Preeclampsia means that pregnant women have high blood pressure and may develop some other symptoms, often in late pregnancy. This is usually detected by the midwife during routine check-ups. Because pre-eclampsia can be dangerous for the baby, pregnant women are offered more regular check-ups at the maternity clinic.
What is pre-eclampsia?
Maternity care in Sweden started in the 1950s, partly to detect pregnant women who developed symptoms of pre-eclampsia during their pregnancy. This is a disease that can only occur during pregnancy and can have rather diffuse symptoms.
During antenatal care visits, blood pressure is checked and the patient is asked to provide a urine sample to check for protein in the urine. These checks are done to detect whether the pregnant woman has developed or is developing symptoms.
Patients should have blood pressure above 140/90 measured on several occasions and often have protein in their urine. Preeclampsia affects 3-7% of all pregnant women around the world per year, which corresponds to about 8.5 million pregnant women. In Sweden, about 5000 pregnant women are affected per year, which is about 5%.
The disease appears after week 20 of pregnancy, often in late pregnancy after week 34. Usually the symptoms are mild, and it is also possible to become ill in the immediate postpartum period.

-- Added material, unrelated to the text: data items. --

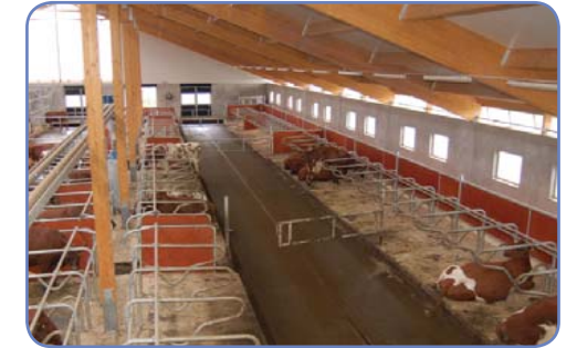
Open manure channel with rubber mat. Inspection walkway along the stalls.
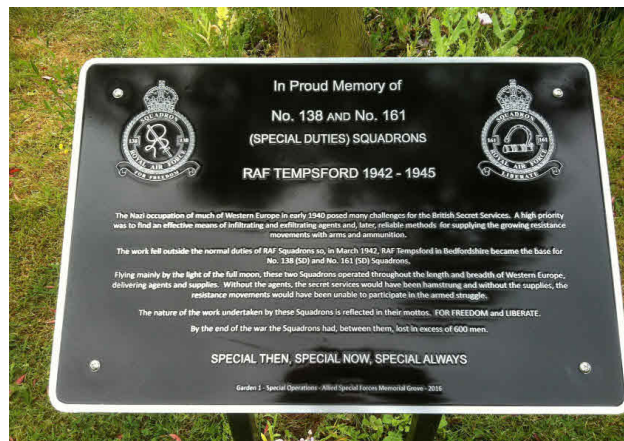
The Tempsford Squadrons rightly commemorated - at St Clement Danes’ church, and at the National Memorial Arboretum
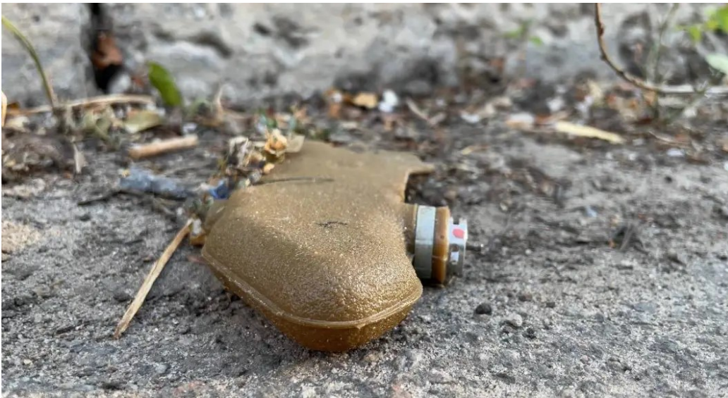
Petal mine on street in Donetsk.

I asked about the impact of the “Petal” mines Ukraine has been dropping on the city, and was told a 21-year-old employee was injured by a PFM-1S mine after a region was cleared, the mine falling from the building and the unsuspecting rescuer stepping on it, losing his foot.
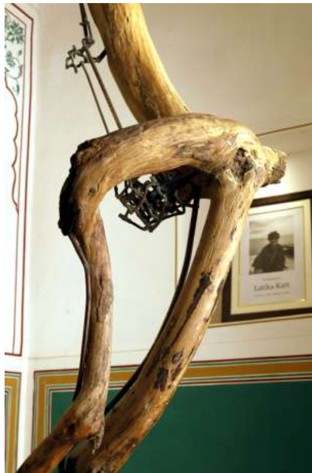
NO. 23 "Growth" Medium: Wood and Copper Size: H-115, W-15, D-23 in Year: 2023
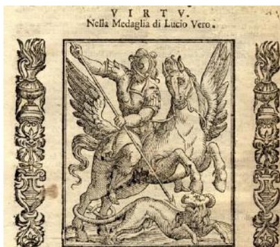
Fig. 29. Ripa, Virtù.
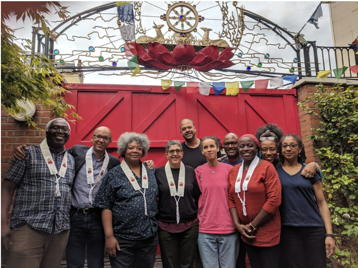
The Triratna People of Colour Group

Currently we work with the other London Buddhist Centres to support London-wide People of Colour activities for our sangha members. Brixton's trustees are also developing a new diversity plan with input from the London Buddhist Centre's Mindful of Race Group, and our involvement with the European Chair's Assembly Diversity Group. We hope this initiative will offer more pathways into our community for people of all ethnic groups, as well as offer specific support for People of Colour to deepen their Buddhist practice within our community.
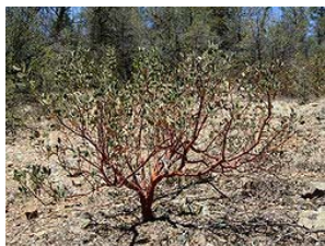
Manzanita Bush / Wiki
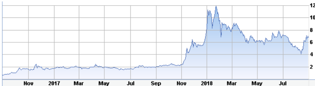
ACB – 2-year chart

Aphria (TSX:APH; OTCQB:APHQF) (Market Cap: $3.5B CAD): On August 31, 2016, APHQF shares closed at $1.97 USD; on August 31, 2018, APH shares closed more than 550 percent higher at $12.96 USD, reaching as high as $18.10 on January 10, 2018.
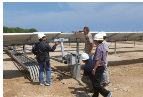
Above: SunPower staff demonstrates the tracking equipment used at the 5 MW Kalaeloa Solar generating station outside of Honolulu.

On Oahu, the PLN delegates toured SunPower’s 5 MW Kalaeloa Solar facility. Kalaeloa I features SunPower’s own solar tracking system, which maximizes production by rotating the photovoltaic panels to track the sun’s movement across the sky. The SunPower staff described the process of developing a solar photovoltaic plant in Hawaii, including the PPA negotiation, interconnection study, and operation of the plant. Solar photovoltaic power has high potential in most of Indonesia due to times of exposure and the strength of Indonesia’s Equatorial sun. Indonesia is also exploring solar facilities with tracking technology.
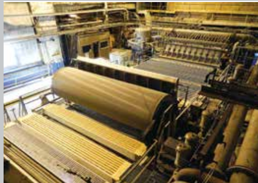
Fourdrinier of PM3
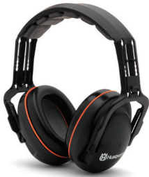
HEARING PROTECTION WITH HEADBAND 505 66 53-04
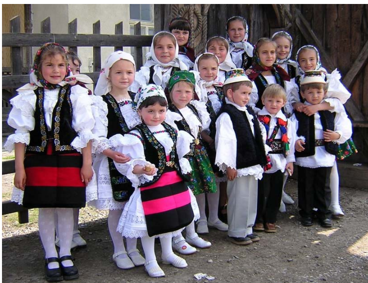
Christmas Eve Caroling in Romania

We recently asked Student Affairs staff to share their holiday traditions with our readers. The following are the received responses.
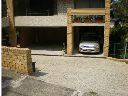
212. 4 Banksia Road Floor below road, Road and footpath graded towards residence
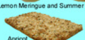
Apricot Muesli Slice
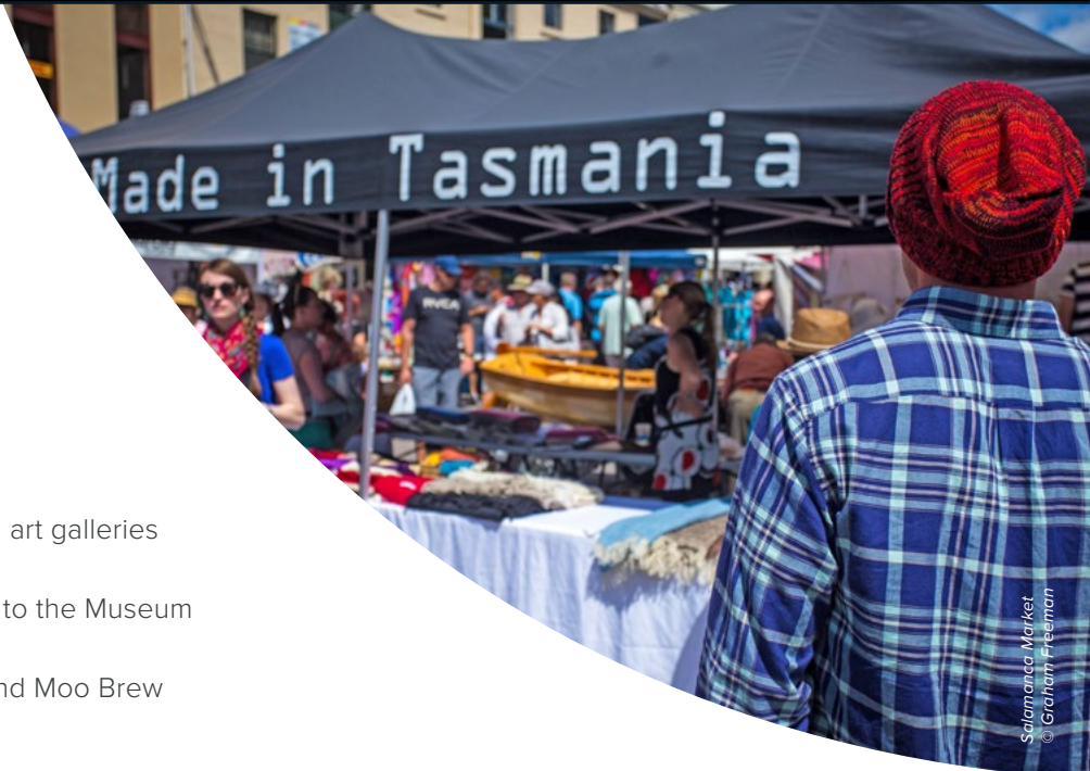
Salamanca Market
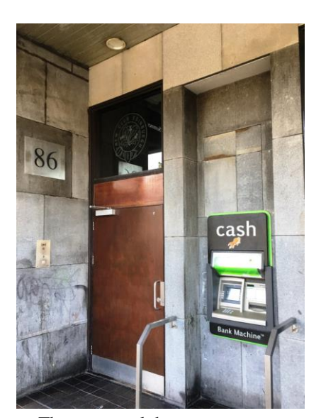
The strange club street entrance; cash is at the ready
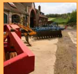
Food and Farming page 8
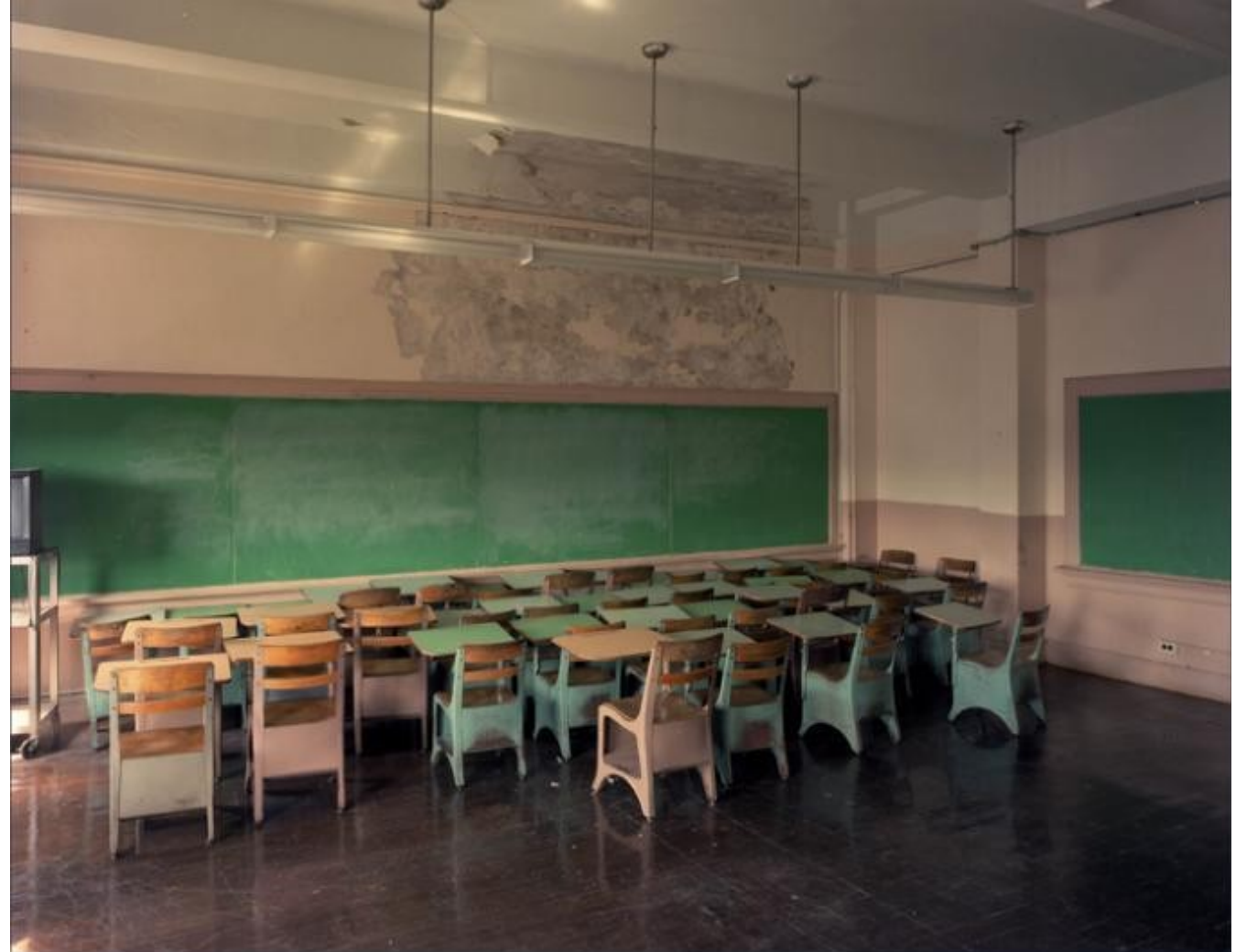
St. Michael the Archangel Classroom

I went to a similar school, St. Michael the Archangel in Sunset Park, which also has been closed.

Why do you get pre-eclampsia?
The cause of the disease is not yet fully understood, but it is believed that the placenta does not function properly. Already when the placenta is formed, it attaches too superficially to the endometrium, which means that particles and cells from the placenta and the fetus can leak into the blood of the pregnant woman. Pregnant women may have risk factors before pregnancy that increase the likelihood of contracting the disease. Examples of risk factors include being a first-time mother with a history of pre-eclampsia, having a BMI of more than 30, being older than 40 and a history of high blood pressure during pregnancy.
Certain diseases can also pose a risk. These include type 1 or 2 diabetes, high blood pressure, certain autoimmune diseases or chronic kidney disease. If you have had a baby before and then become ill or have high blood pressure, this increases your risk of having another pregnancy. Expecting more children or having undergone an IVF pregnancy with egg donation also poses a risk of being affected.
There are symptoms that pregnant women should be aware of. These are: nausea and vomiting (after week 18), visual disturbances such as flickering eyes, headaches, upper abdominal pain, rapid swelling of the face, hands and feet. General malaise where you feel shaky and absent-minded. Always contact emergency services if you think you may have suffered pre-eclampsia. Usually those affected do not become very ill, but there are two serious forms of the disease and you should be aware of them.
HELLP - a more severe form of pre-eclampsia with general organ involvement, mainly the liver. About 10-20% of those affected by a more severe form of pre-eclampsia develop HELLP.
Eklampsi - The other serious variant is called eclampsia, which means that the pregnant or new parent has generalized seizures that cannot be explained by an underlying disease (such as epilepsy). However, eclampsia is very rare.
What happens if you get a diagnosis?
If you are pregnant and have been diagnosed with pre-eclampsia, you can expect more frequent visits to the midwife in the maternity ward. It is common for the patient to be admitted to a specialist maternity unit, which is usually attached to a maternity hospital. If necessary, you will be admitted as a hospital patient, either to a ward called Antenatal or to the maternity ward. Antenatal is a ward that cares for women during pregnancy.
If pre-eclampsia is known to exist, the person who becomes pregnant again will see a doctor and will usually be put on medication to reduce the likelihood of contracting the disease again. Those who become ill can be treated with drugs to lower their blood pressure, but there is currently no cure apart from giving birth. In some cases, this may mean that the baby needs to be delivered earlier than expected.
Preeclampsia can be dangerous for the baby as the function of the placenta may be impaired. Extra ultrasound scans are often carried out to see how the baby is growing in the womb; the frequency of extra checks depends on the severity of the condition.